President Barack Obama is to announce a guns task force in the wake of the Newtown massacre. The ideas already circulating among politicians and stakeholders include renewing a ban on military-style semi-automatic assault weapons that expired in 2004, limits on gun magazine clips and the number of bullets that can be fired, and a broader mental health strategy. The Newtown shooter used a Bushmaster AR-15 semiautomatic rifle, reportedly firing more than a hundred rounds.
The exact motive of the Newtown shooter – and clues from his medical history – remains a mystery. But increasingly, Americans are raising the issue of mental health in the context of gun control measures to prevent future mass shootings. So have Globe and Mail expats living in the U.S. Here are there reflections.
Dennis Sifton, physician in Williamsburg, Virginia, originally from southern Ontario:
The pattern has become clear that there are many factors that are unique to each [mass shooting] but [they] have a recurring undercurrent.

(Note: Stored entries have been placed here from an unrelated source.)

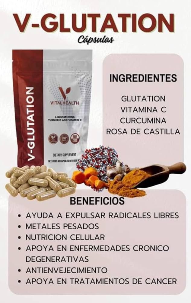 V-Glutation | VitalHealth | 60 cápsulas de 498mg c/u
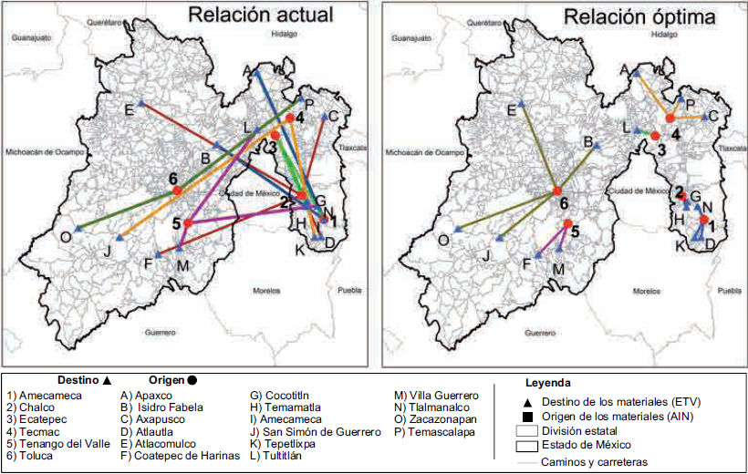 En la figura 3 se muestra la relación actual y óptima entre las seis ETV del cuadro II (señaladas con un círculo) y los 16 AIN asociados a éstas (marcadas con un triángulo). La relación actual entre AIN y ETV se analiza a partir de los resultados de la encuesta. Asimismo, la relación óptima se establece con base en la distancia mínima entre instalaciones origen-destino. Para dicho efecto, se determinaron 16 rutas, utilizando la herramienta Network Analysis de QGIS.
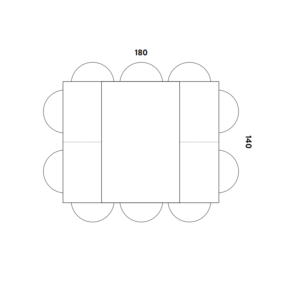 - geopend: lengte: 180 cm x diepte: 140 cm x hoogte: 76 cm
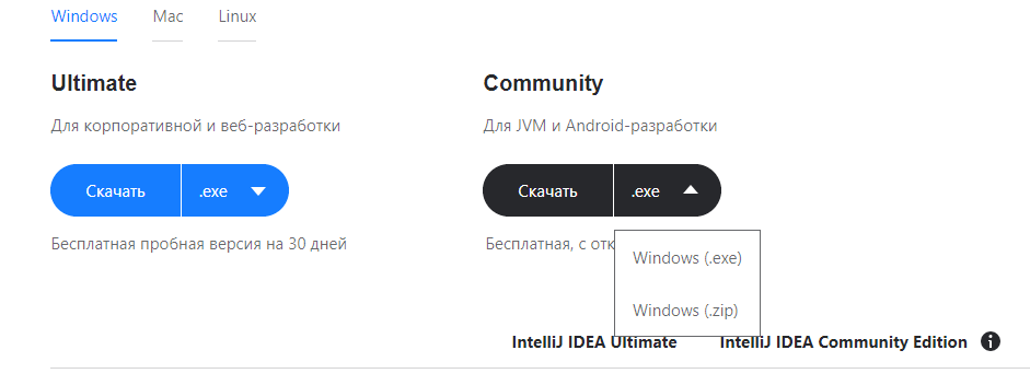 IntelliJ IDEA доступна в бесплатной (Community) и платной (Ultimate) версиях. Чем они различаются, видно на скрине ниже:
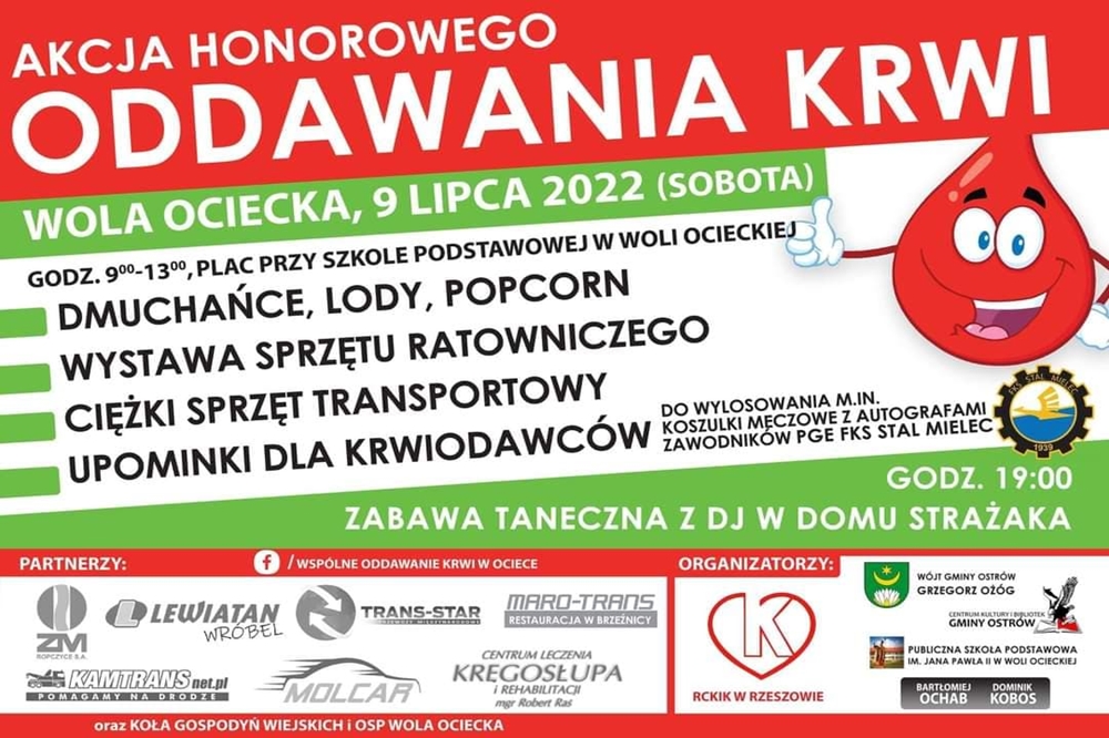 Akcja honorowego oddawania krwi odbędzie się w Woli Ocieckiej, między godzinami 9-13. Wydarzenie będzie miało miejsce przy tamtejszej szkole podstawowej, a na godzinę 19 zaplanowano zabawę taneczną z DJ w domu strażaka.
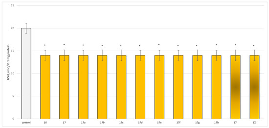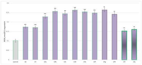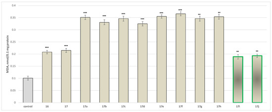 The tested compounds 17a increased MDA production by a statistically significant 248%; 17b by 228%, 17c by 243%, 17d by 222%, 17e by 251%, 17f by 262%, 17g by 243%, 17h by 250%, 17i by 87%, 17j by 91%, 17 by 106%, and 16 by 113% relative to the control (untreated microsomes) (Figure 8).
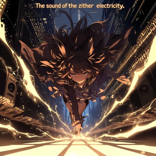 Large English artistic text: "The sound of the zither triggers the electricity." Things described: a street made of piano keys, lightning, guitar strings, single-point perspective, distance, sense of speed. Generate a two-dimensional anime-style human girl character, then add the characteristics of the things described above to the character. Subsequently, randomly generate matching character actions, character clothing, scenes, backgrounds, lighting, and composition based on the characteristics of the things described above and the generated character. --ar 1:1 --stylize 100 --niji 6 --no Low resolution,blurry,distorted,twisted,overexposed,low quality,repeated limbs,cluttered composition,extra hands,extra feet,proportion errors,anatomical errors,noise,water,exaggerated expressions,unnatural lighting and shadows,watermark,realistic art style,real person,reality.
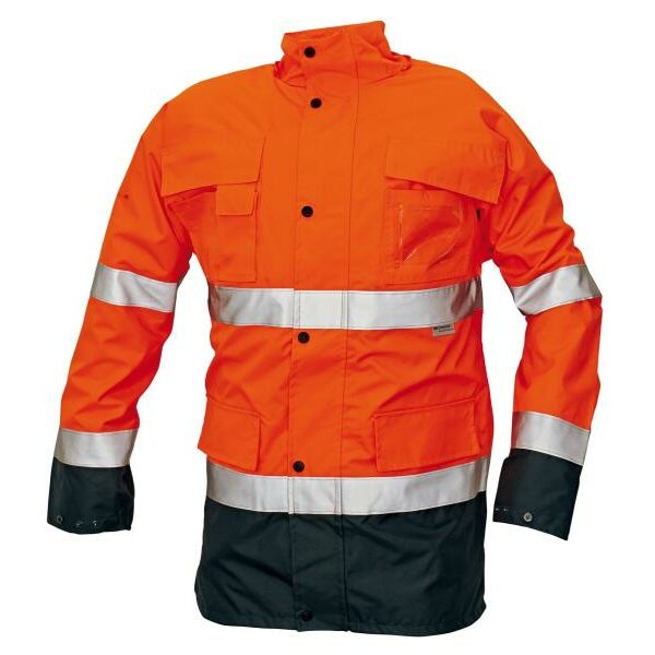 Kurtka ocieplana wysokiej widoczności 2w1 MALABARMęska kurtka z taśmami odblaskowymi Hi-Vis.wodoodporna i oddychająca, odpinana polarowa podszewka,kaptur ocieplany polarem, odpinany na suwak,klejone szwy,wewnętrzne, dzianinowe mankiety,wodoodporność 3 klasy i paroprzepuszczalność 1 klasy zgodnie z normą EN 343.Tkanina: zewnętrzna: 100% poliester z powłoką poliuretanową (PU); ocieplina: 100% poliester; podszewka: polar, 100% poliester.Kolor: żółto-granatowy (wyprzedaż), pomarańczowo-granatowy.Zgodność z rozporządzeniem UE 2016/425 w sprawie środków ochrony indywidualnej EN ISO 13688:2013 Ogólne wymogi dotyczące odzieżyEN 343 Odzież chroniąca przed opadami atmosferycznymi 3 Wodoszczelność (od 1 do 3) 1 Przenikanie pary wodnej (od 1 do 3)EN ISO 20471 Odzież o intensywnej widzialności (ostrzegawcza) 3 Klasa widzialności (od 1 do 3) Jednostka sprzedaży: 1 sztuka.
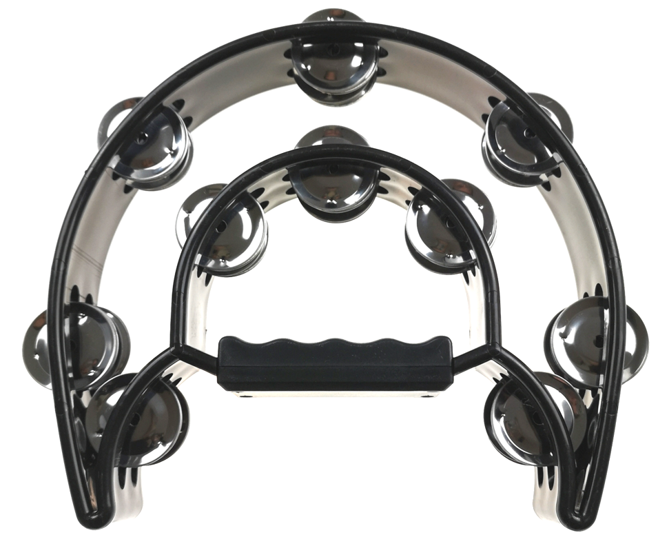 - tamburyn z podwójnym rzędem dzwonków ma 20 par dzwonków, co sprawia, że ma wyraźniejszy i jaśniejszy dźwięk niż tamburyn jednorzędowy
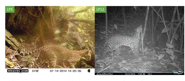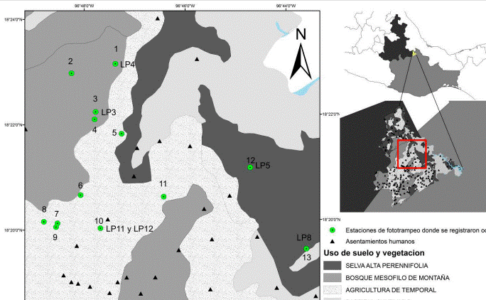 Abstract: Ocelots are at risk of extinction despite being a wide distribution species. Its presence in Puebla has been recorded, and also the possibility of existence of biological corridor to southeastern Mexico. Part of that corridor is located in the Sierra Negra in Puebla and the Sierra Mazateca in Oaxaca, where there are not previous studies that prove the presence of the ocelot. The Sierra Negra of Puebla and Sierra Mazateca of Oaxaca are contiguous mountain ranges with a mosaic of vegetation that includes tall evergreen forest, cloud forest, rain-fed agriculture and cultivated grasslands. We placed 11-18 camera trap stations spaced every 1-3 km, within a 110 km2 polygon, over three sampling periods. We also applied semistructured interviews to locals to obtain information on wild felids occurrence. Twelve individual ocelots were recorded in the study area, 10 of them through cameras and six through interviews. Ocelots were photographed in fragmented areas near human settlements. The six remaining ocelots registered were four skins, one carcass and one captive animal. Ocelots have been previously documented in disturbed landscapes and near human settlements areas. We believe that there is a resident ocelot population in the study area, thus the Sierra Negra and the Sierra Mazateca are an important component of the proposed biological corridor of the Sierra Madre Oriental.
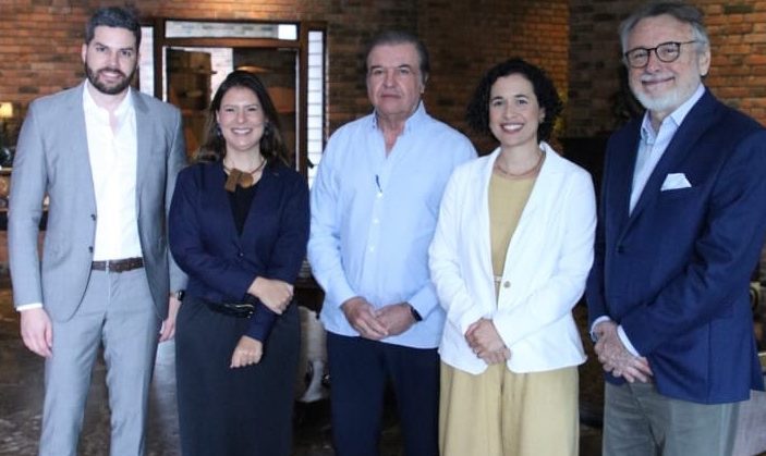 Os sócios da TGI, Fábio Menezes e Francisco Cunha, ao lado de Ricardo Brennand Filho, Ana Luiza Ferreira, diretora-presidenta da ADEPE, e a secretária executiva de Relações Internacionais de Pernambuco, Rayane Aguiar, durante recente encontro promovido pelo Conselho do Comércio França-Brasil para discutir as relações comerciais entre os dois países, em especial com Pernambuco, realizado no IRB na Várzea.
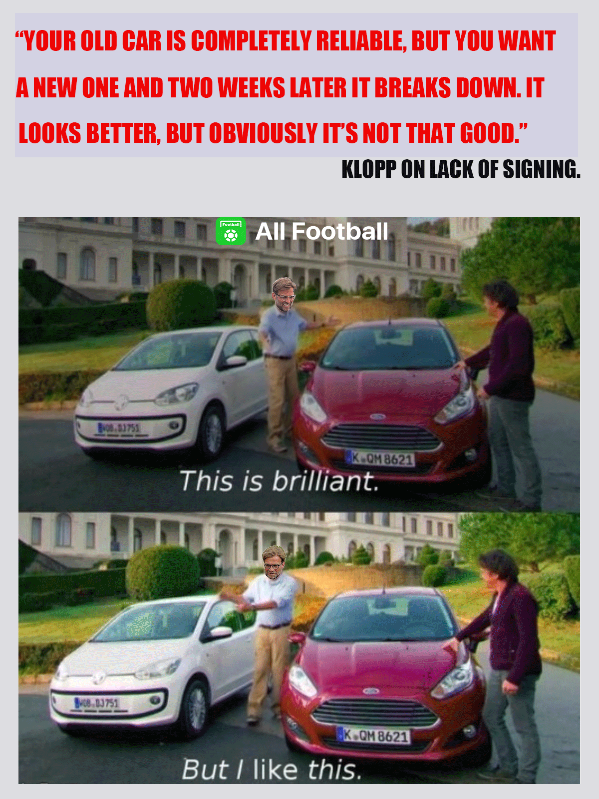 AF MEME: Klopp explained for the lack of signing by his 'Car Theory’, do you agree? ?

The perpetrators are all young males with varying degrees of mental derangement some of whom have been involved with the mental health system. Many had been identified as being "odd" by educators. Also, a failure to intervene in some cases by family. They all have had access to guns of various sorts – usually assault-type semi automatic weapons with large clips.
I could speak to each of these factors by saying that a lot of people could have intervened in each case along the way. I think there is a crisis in mental health care both here and in Canada for this particular demographic. There is a paucity of professionals to treat these patients. There is also an unwillingness of those treating to take a stand when they see the danger signals as there is an overriding fear of lawsuits if a person is detained for mental health reasons.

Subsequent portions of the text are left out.